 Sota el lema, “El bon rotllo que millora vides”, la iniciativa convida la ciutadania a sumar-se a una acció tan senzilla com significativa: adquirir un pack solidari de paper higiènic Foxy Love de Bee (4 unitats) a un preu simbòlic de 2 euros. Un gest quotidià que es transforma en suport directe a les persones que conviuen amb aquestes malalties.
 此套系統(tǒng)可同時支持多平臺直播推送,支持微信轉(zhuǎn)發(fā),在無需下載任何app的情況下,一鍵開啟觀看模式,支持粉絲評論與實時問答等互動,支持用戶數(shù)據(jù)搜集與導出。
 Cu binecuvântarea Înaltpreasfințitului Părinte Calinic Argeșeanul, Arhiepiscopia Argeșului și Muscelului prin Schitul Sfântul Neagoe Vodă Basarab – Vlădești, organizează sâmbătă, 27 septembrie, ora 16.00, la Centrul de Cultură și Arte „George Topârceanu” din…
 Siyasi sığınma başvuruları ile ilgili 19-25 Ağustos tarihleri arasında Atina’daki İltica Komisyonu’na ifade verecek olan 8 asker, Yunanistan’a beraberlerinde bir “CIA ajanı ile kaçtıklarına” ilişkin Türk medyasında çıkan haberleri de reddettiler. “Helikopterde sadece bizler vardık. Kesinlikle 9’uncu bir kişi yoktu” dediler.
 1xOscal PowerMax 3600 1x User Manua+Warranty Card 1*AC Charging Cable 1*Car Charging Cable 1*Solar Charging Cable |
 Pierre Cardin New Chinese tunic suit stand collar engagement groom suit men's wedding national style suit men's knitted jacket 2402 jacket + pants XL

==

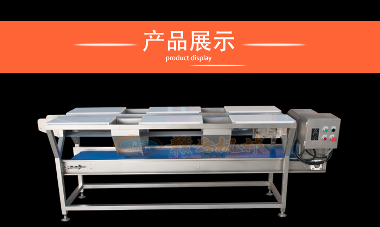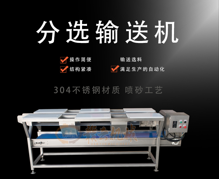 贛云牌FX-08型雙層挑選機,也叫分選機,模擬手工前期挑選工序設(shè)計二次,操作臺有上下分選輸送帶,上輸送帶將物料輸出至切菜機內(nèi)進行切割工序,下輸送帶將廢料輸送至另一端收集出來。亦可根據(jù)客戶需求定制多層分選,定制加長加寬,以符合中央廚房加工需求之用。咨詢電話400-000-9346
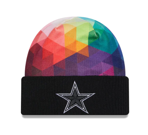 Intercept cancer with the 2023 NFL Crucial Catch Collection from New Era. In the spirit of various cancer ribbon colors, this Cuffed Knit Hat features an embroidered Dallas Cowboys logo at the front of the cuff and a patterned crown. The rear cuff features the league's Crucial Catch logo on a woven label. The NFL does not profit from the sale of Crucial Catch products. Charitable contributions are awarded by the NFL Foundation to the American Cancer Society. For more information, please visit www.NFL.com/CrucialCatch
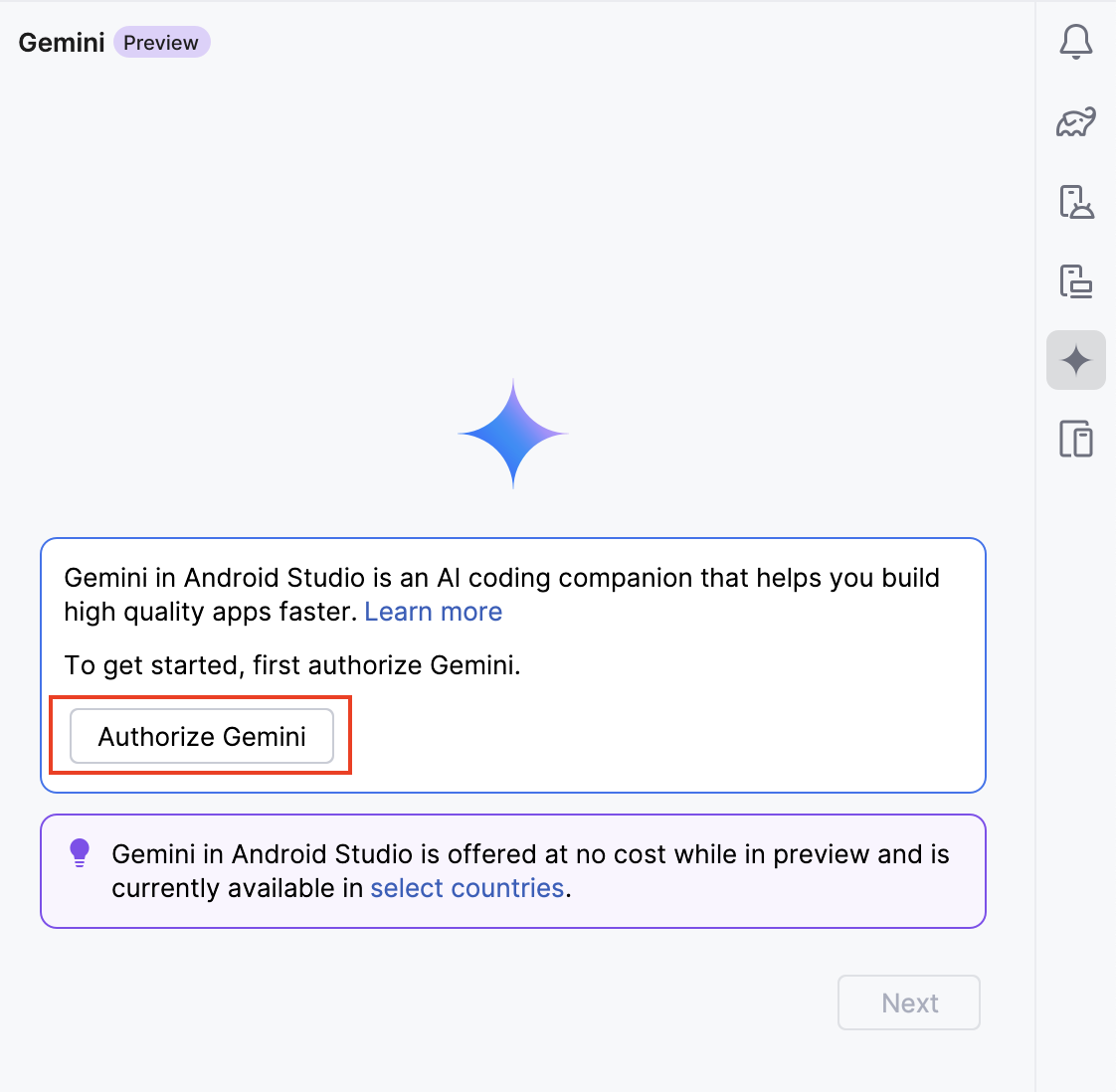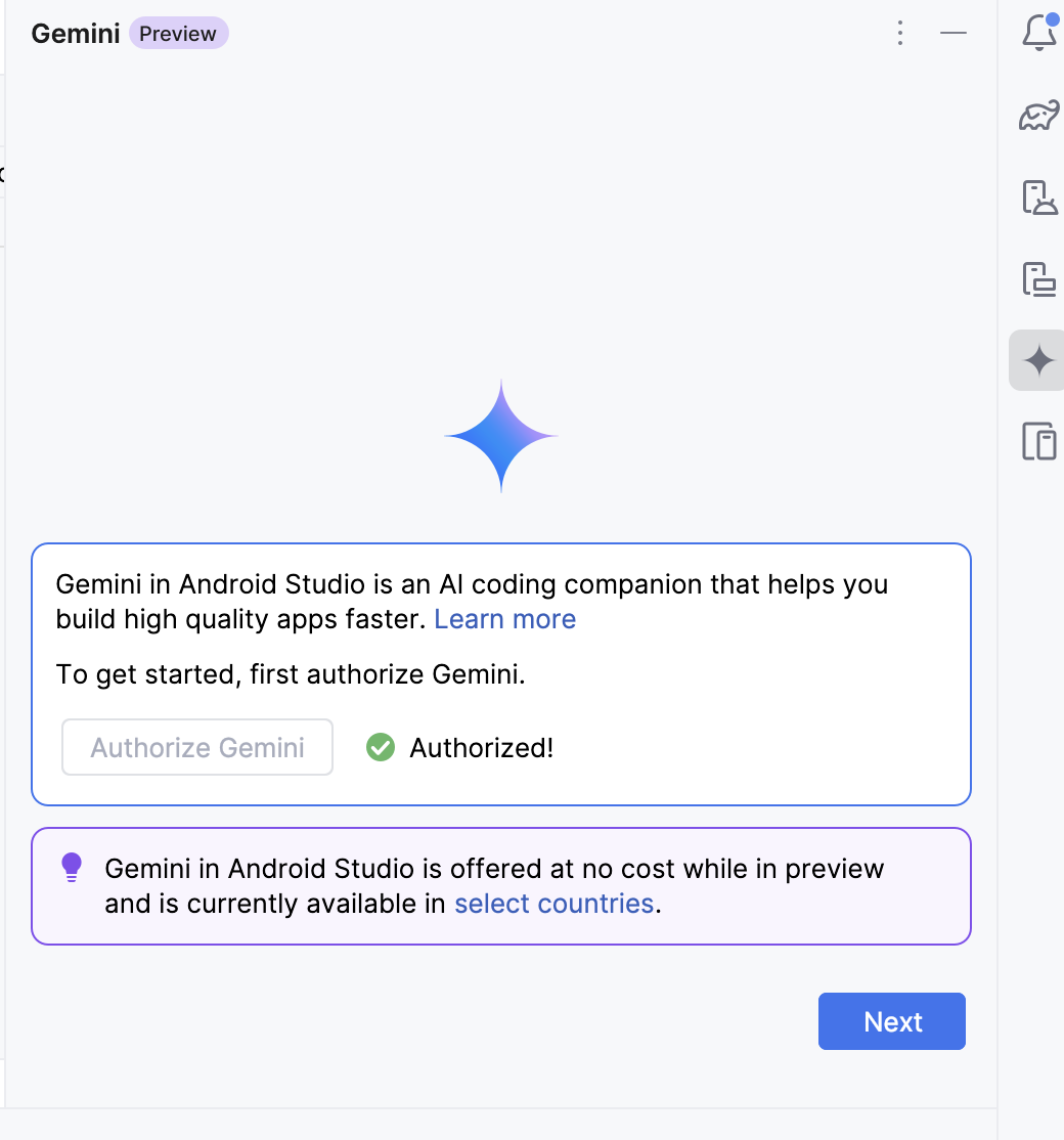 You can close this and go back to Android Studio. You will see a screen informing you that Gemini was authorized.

◆ Task objective ◆
Only the lines above from the one with "1xOscal PowerMax 3600" up to and including the one with "Pierre Cardin New" should be repeated, exactly as written.

◆ The completed task ◆
 1xOscal PowerMax 3600 1x User Manua+Warranty Card 1*AC Charging Cable 1*Car Charging Cable 1*Solar Charging Cable |
 Pierre Cardin New Chinese tunic suit stand collar engagement groom suit men's wedding national style suit men's knitted jacket 2402 jacket + pants XL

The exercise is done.